Adam’s mind was more focussed. Perhaps interpreting the dream had helped. He said, firmly, ‘America.’
Nina frowned. ‘What?
‘America! That’s still the other big mystery. How did the Templars get all this stuff from South America, from the Moche, from Peru? Columbus didn’t reach Hispaniola till, what, 1489? The Templars were long defunct before by then. How did this ritual, this sacred trance, get from Peru to Europe, before Columbus?’
Nina shrugged, inertly. She looked as if she had been crying again, in the night. Adam pursued his own thoughts.
By the afternoon the sulking, ugly plains had at last given way to those prettier, if chilly, hills, and to murmurous wind-bitten pine forests. Here was their destination, a village called Trevejo. They parked and disembarked.
The wind was cutting as they walked through the humble streets, staring in perplexity at the low stone hovels, made from field boulders. These incredibly mean, almost Neolithic thoroughfares apparently led to the Templar church and castle.

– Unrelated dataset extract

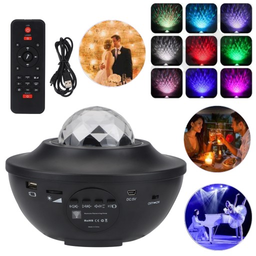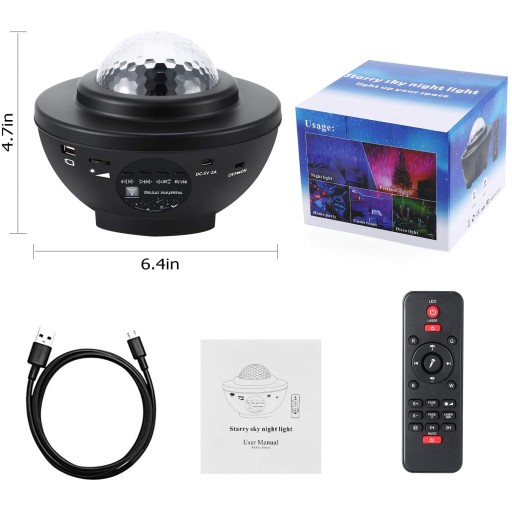 PROJEKTOR LAMPKA NOCNA GWIAZD RZUTNIK NIEBA LED GŁOŚNIK BLUETOOTH + PILOT

The Templars built here in hilly Trevejo, Adam knew from his research, because it was the frontier of the Reconquista, when Spain and Portugal were wrested back from the Moor. The castle was built during another violent Templar crusade against the heathen.
As they walked, he thought of that effigy in Templar church: the knight still clutching his sword, eight hundred years later. Ready to fight for Christ, entranced by the violence of his trade.
He already knew about Extremadura: he’d been here on holiday years before. This land was notably poor today, just as it had always been. This was Extremadura, literally the Land of Extremity, a place of impoverishment and drought and burning sun, yet rich in men and valour.
Extremadura, the lost realm of Spain, was the womb of warriors. This was where Habsburg eagles soared over bleak little villages, which somehow bred men who conquered entire empires. Pizarro. Valdivia. Alvarado. Cortes. All of them came from here. Together, these men had defeated the mighty Aztec and the imperial Inca, together these men from poor, provincial sun-lashed Extremadura had vanquished two continents, discovered new deserts and jungles, and sailed the entire Amazon for the very first time.
Adam mused. He thought very, very hard as they walked to the castle.
Extremadura was also the last refuge of the Spanish Templars. A small town south of here — Jerez de los Caballeros — Jerez of the Knights — was a town once owned by the Templars, and it was the place the Templars had made their final stand against the kings of Spain: one tower of the Templar castle was still known as the Bloody Tower, because this was where the cornered Templars threw themselves off the battlements, hurling themselves to their deaths, rather than be captured.